-- TASK DETAILS --
What follows is a set of records. Copy them exactly and leave out the images.

-- DATA SECTION --
##########

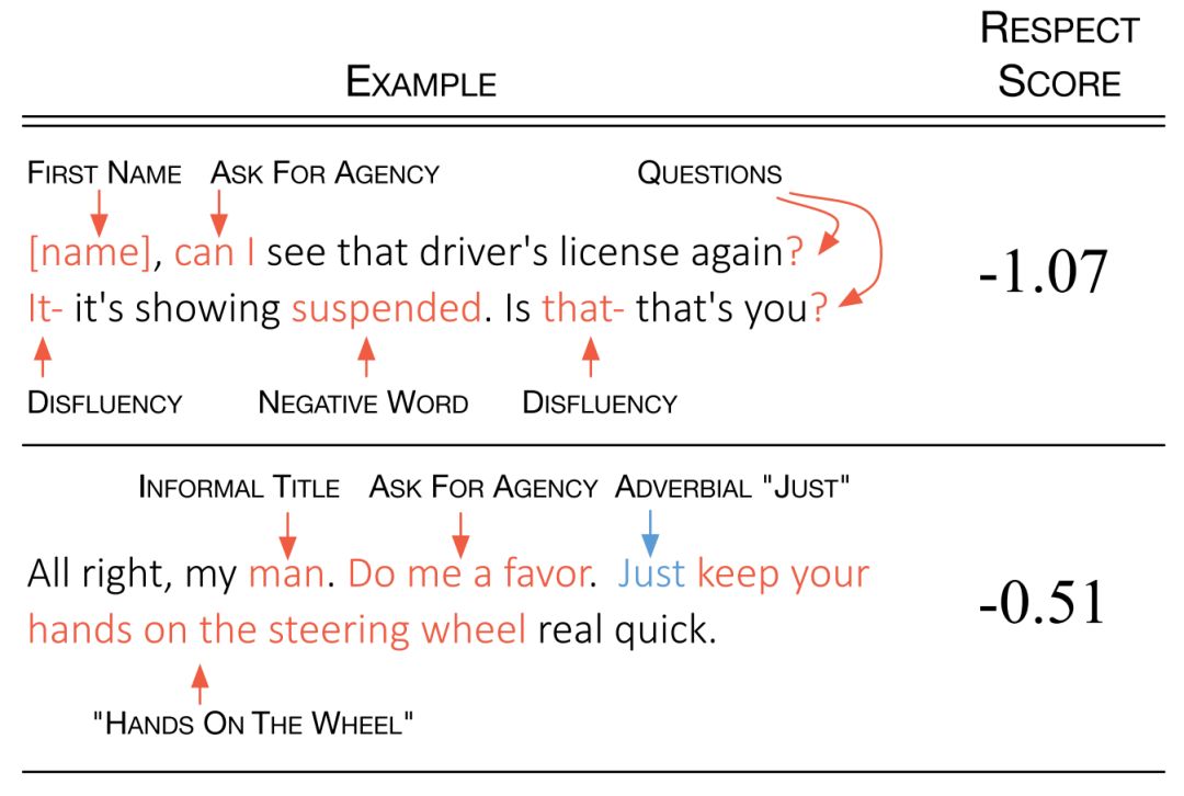 ▲ 图3. Voigt et al. PNAS 2017中Dan Jurafsky的实验室与斯坦福大学心理系合作,利用自然语言处理方法,自动评估警察对不同种族的人说话时的尊重程度。
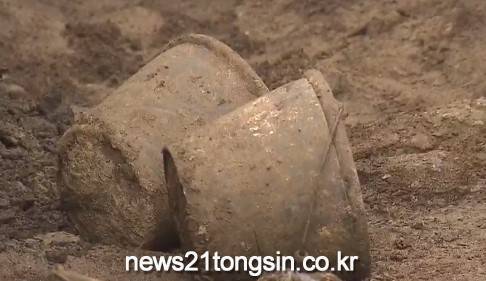 문화재 조사를 위해 2m 깊이로 파놓은 매장지, 모래와 흙으로 된 벽면 한쪽이 완전히 무너졌다.
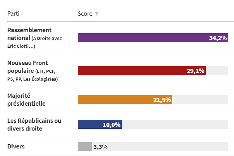 Prema procjeni Ipsosa, kao i francuskih televizija, u prvom krugu izbora desničarska stranka Nacionalno okupljanje koju predvodi Jordan Bardella osvojila je 34 posto glasova.
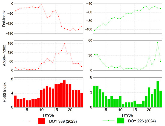 Figure 1 show the variations in geomagnetic activity indices over the two days. As can be seen, during DOY 309 in 2023, the minimum Dst dropped to −163 nT, the peak ap60 reached 179, and the peak Hp60 reached 7.667. During the moderate storm on DOY 226 in 2024, the minimum Dst dropped to −103 nT, the peak ap60 reached 56, and the peak Hp60 reached 5.333.
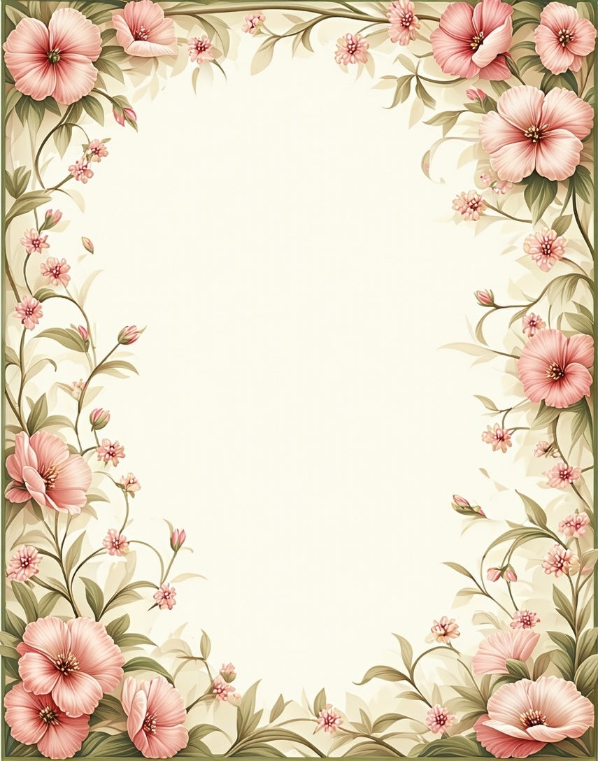 Floral Rustic Country Style Pink and Sage(Ivory)
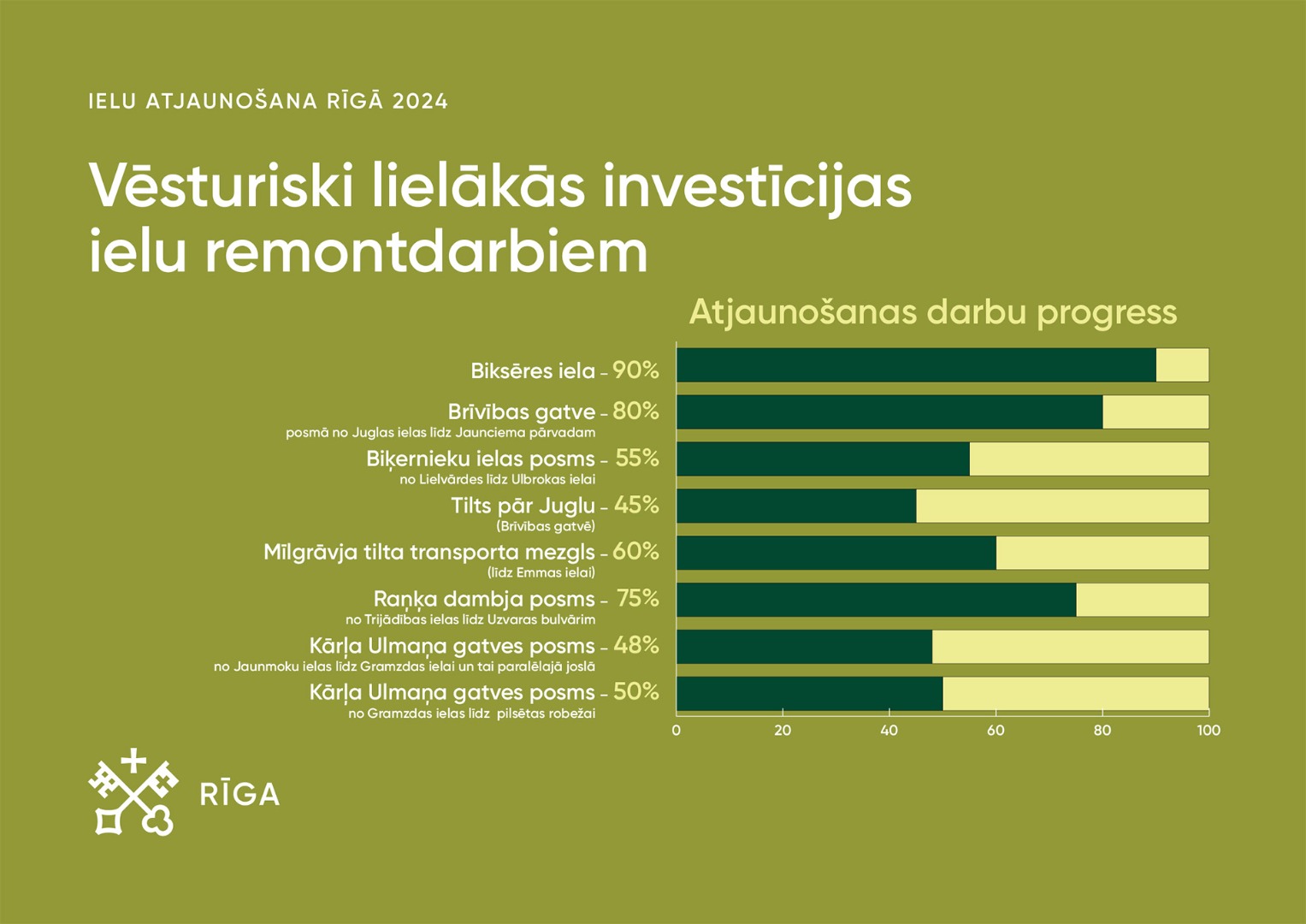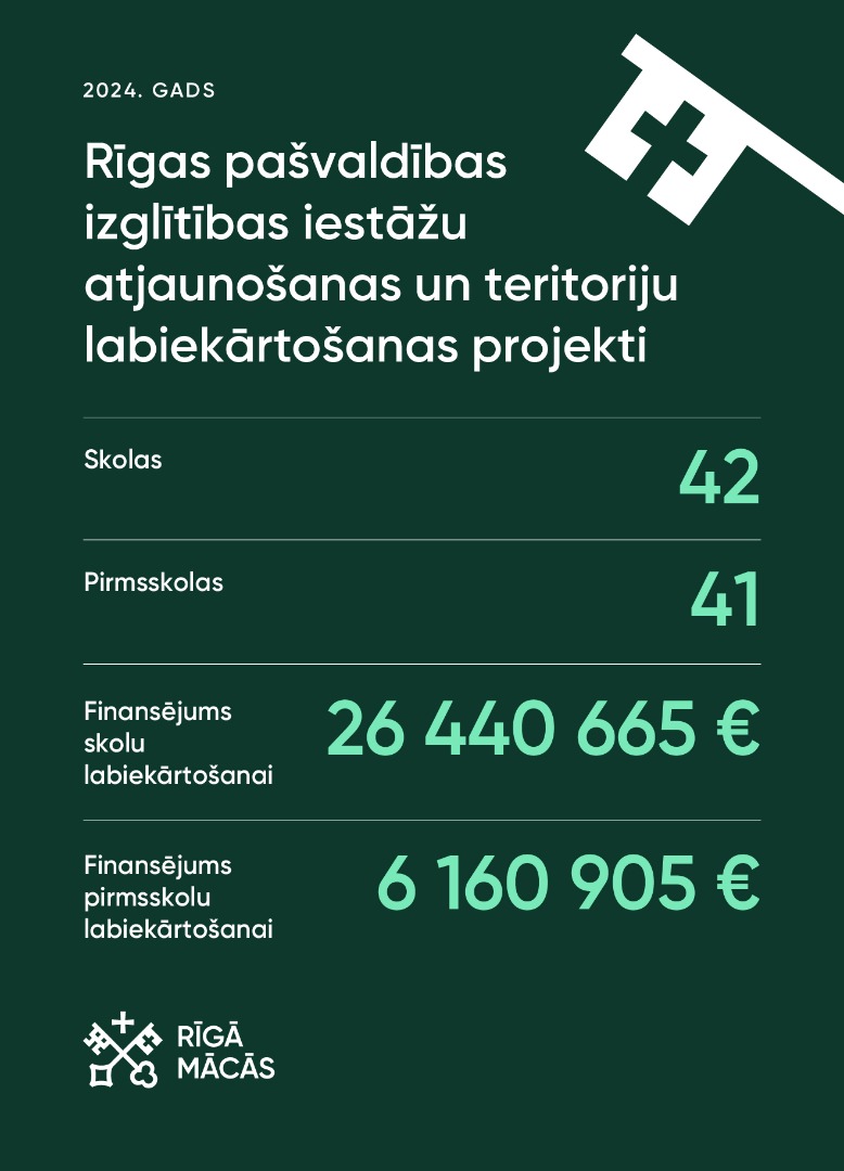 Kopumā telpu remontdarbi, ēku atjaunošanas un teritoriju labiekārtošanas darbi šogad notiek 42 skolās, tostarp sporta skolās, par kopējo summu 26,4 miljoni eiro, kā arī 41 pirmsskolas izglītības iestādē par kopējo līgumu summu 6,2 miljoni eiro. Tāpat šogad pieņemti Rīgas domes lēmumi par Skanstes pirmsskolas ēkas celtniecību Grostonas ielā 6 un Mežaparka sākumskolas būvniecību. Abus projektus plānots sākt 2025.gadā.
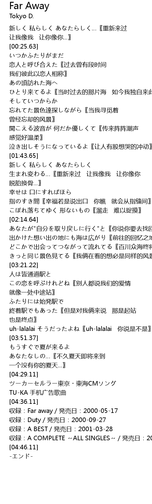 | [04:38.11] | 収録:Far away/発売日:2000-05-17 |
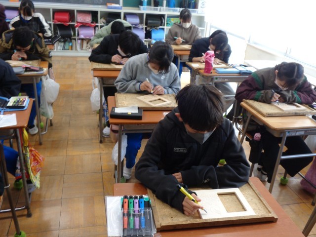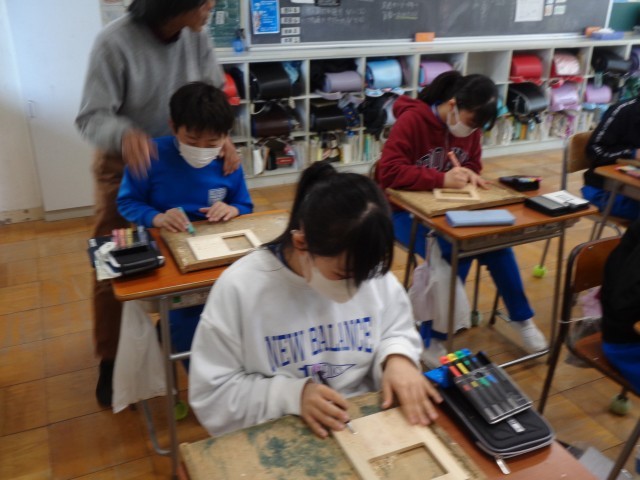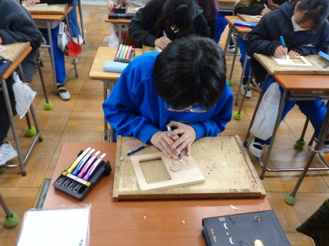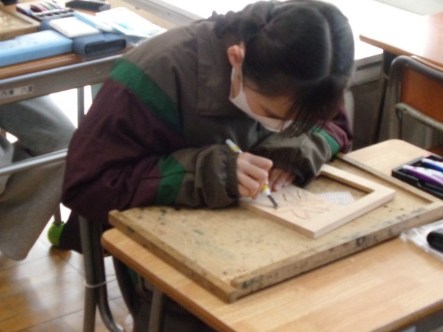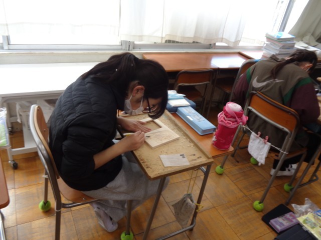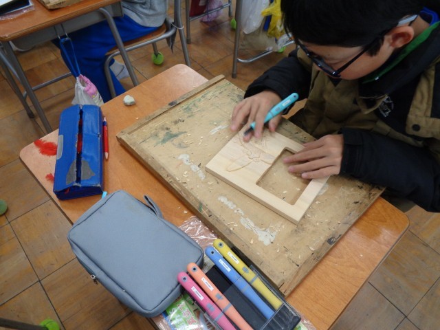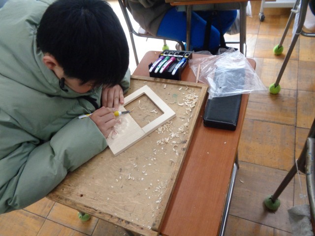 安全に気を付けながら、彫刻刀を駆使して真剣に制作に取り組んでいます。
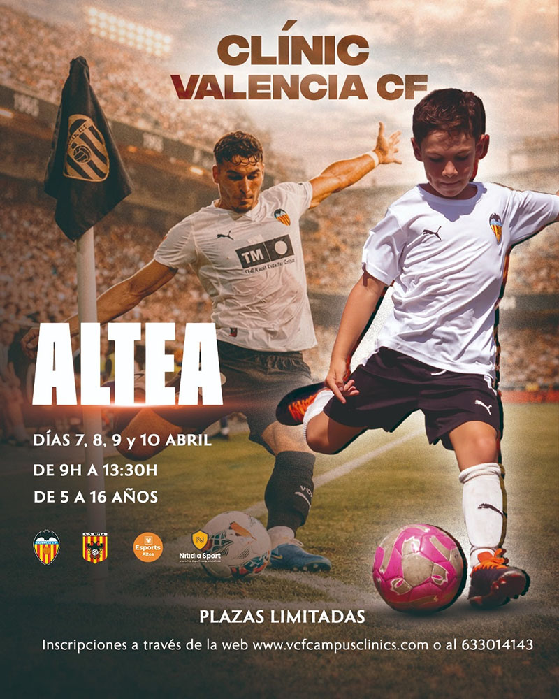 Al mes d’abril, els dies 7, 8, 9 i 10, tindrà lloc a Altea la quinta edició del campus de futbol del València, Clínic València CF; com així ho han donat a conéixer l’edil d’Esports, Sara Soler, el gerent de Nitidia Sport, Alex Gayà i la Presidenta de la UD Altea, Sofia Llobell.
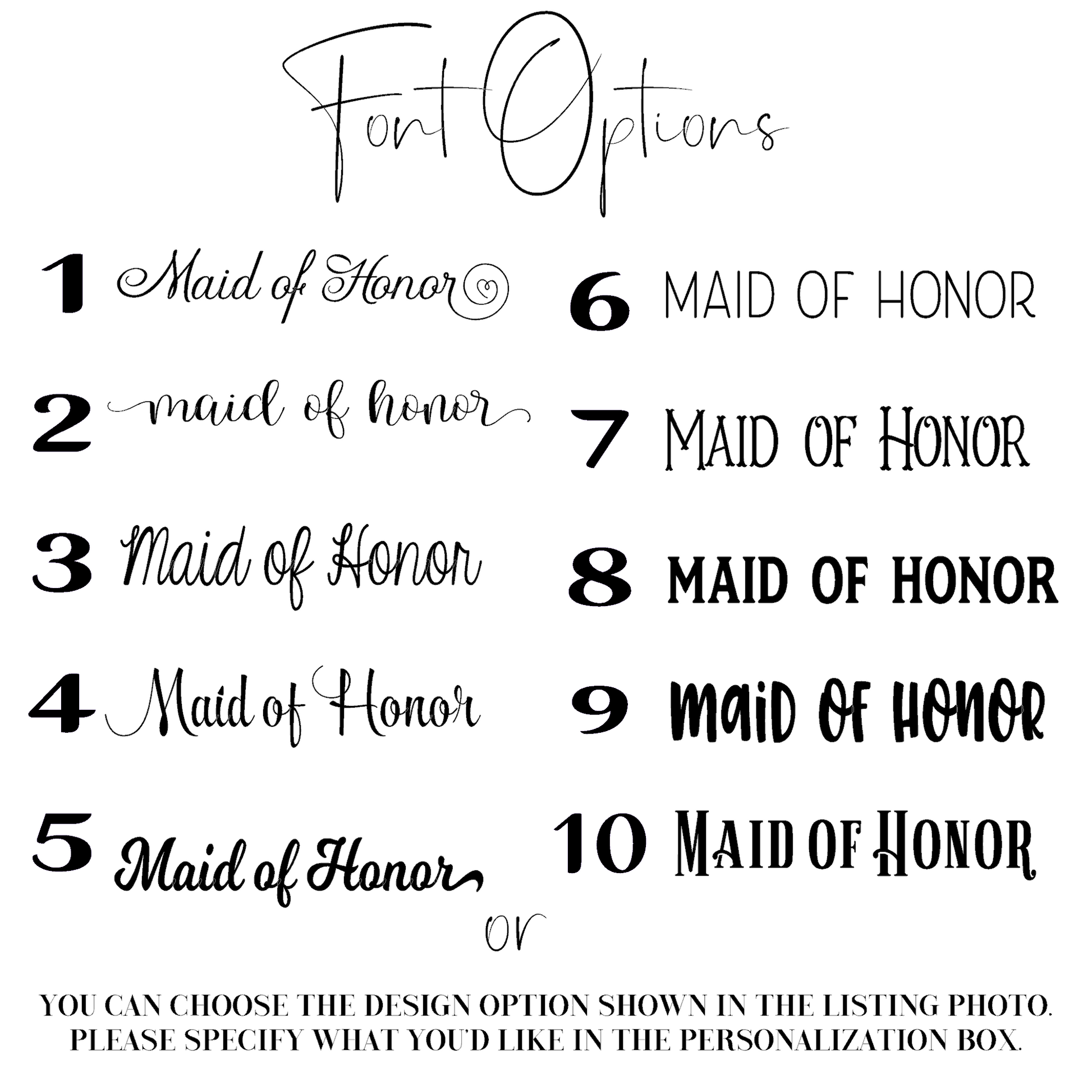 Make it uniquely yours with personalization that can include titles (Maid of Honor, Best Man, Bridesmaid, etc.), names, wedding dates, or something else entirely! Choose between permanent commercial-grade vinyl or upgrade to timeless engraving. Enter your personalization details, along with font and color preferences (for vinyl), in the box below.
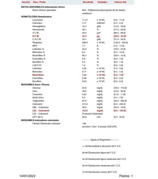 En diciembre me hice una analítica de sangre por rutina. En los resultados sale que los neutrófilos tienen un valor de 7.53 y el limite es de 7.5. También el HCM da un valor de 32.3 y el limite es 32. EL medico de cabecera me dijo que estaba todo bien, pero como esos valores superan en casi nada el limite no se si entra dentro de lo normal. Adjunto la analítica que me hicieron por si puede ayudar. Gracias de antemano.

##########

-- COMPLETED TASK --
 ▲ 图3. Voigt et al. PNAS 2017中Dan Jurafsky的实验室与斯坦福大学心理系合作,利用自然语言处理方法,自动评估警察对不同种族的人说话时的尊重程度。
 문화재 조사를 위해 2m 깊이로 파놓은 매장지, 모래와 흙으로 된 벽면 한쪽이 완전히 무너졌다.
 Prema procjeni Ipsosa, kao i francuskih televizija, u prvom krugu izbora desničarska stranka Nacionalno okupljanje koju predvodi Jordan Bardella osvojila je 34 posto glasova.
 Figure 1 show the variations in geomagnetic activity indices over the two days. As can be seen, during DOY 309 in 2023, the minimum Dst dropped to −163 nT, the peak ap60 reached 179, and the peak Hp60 reached 7.667. During the moderate storm on DOY 226 in 2024, the minimum Dst dropped to −103 nT, the peak ap60 reached 56, and the peak Hp60 reached 5.333.
 Floral Rustic Country Style Pink and Sage(Ivory)
 Kopumā telpu remontdarbi, ēku atjaunošanas un teritoriju labiekārtošanas darbi šogad notiek 42 skolās, tostarp sporta skolās, par kopējo summu 26,4 miljoni eiro, kā arī 41 pirmsskolas izglītības iestādē par kopējo līgumu summu 6,2 miljoni eiro. Tāpat šogad pieņemti Rīgas domes lēmumi par Skanstes pirmsskolas ēkas celtniecību Grostonas ielā 6 un Mežaparka sākumskolas būvniecību. Abus projektus plānots sākt 2025.gadā.
 | [04:38.11] | 収録:Far away/発売日:2000-05-17 |
 安全に気を付けながら、彫刻刀を駆使して真剣に制作に取り組んでいます。
 Al mes d’abril, els dies 7, 8, 9 i 10, tindrà lloc a Altea la quinta edició del campus de futbol del València, Clínic València CF; com així ho han donat a conéixer l’edil d’Esports, Sara Soler, el gerent de Nitidia Sport, Alex Gayà i la Presidenta de la UD Altea, Sofia Llobell.
 Make it uniquely yours with personalization that can include titles (Maid of Honor, Best Man, Bridesmaid, etc.), names, wedding dates, or something else entirely! Choose between permanent commercial-grade vinyl or upgrade to timeless engraving. Enter your personalization details, along with font and color preferences (for vinyl), in the box below.
 En diciembre me hice una analítica de sangre por rutina. En los resultados sale que los neutrófilos tienen un valor de 7.53 y el limite es de 7.5. También el HCM da un valor de 32.3 y el limite es 32. EL medico de cabecera me dijo que estaba todo bien, pero como esos valores superan en casi nada el limite no se si entra dentro de lo normal. Adjunto la analítica que me hicieron por si puede ayudar. Gracias de antemano.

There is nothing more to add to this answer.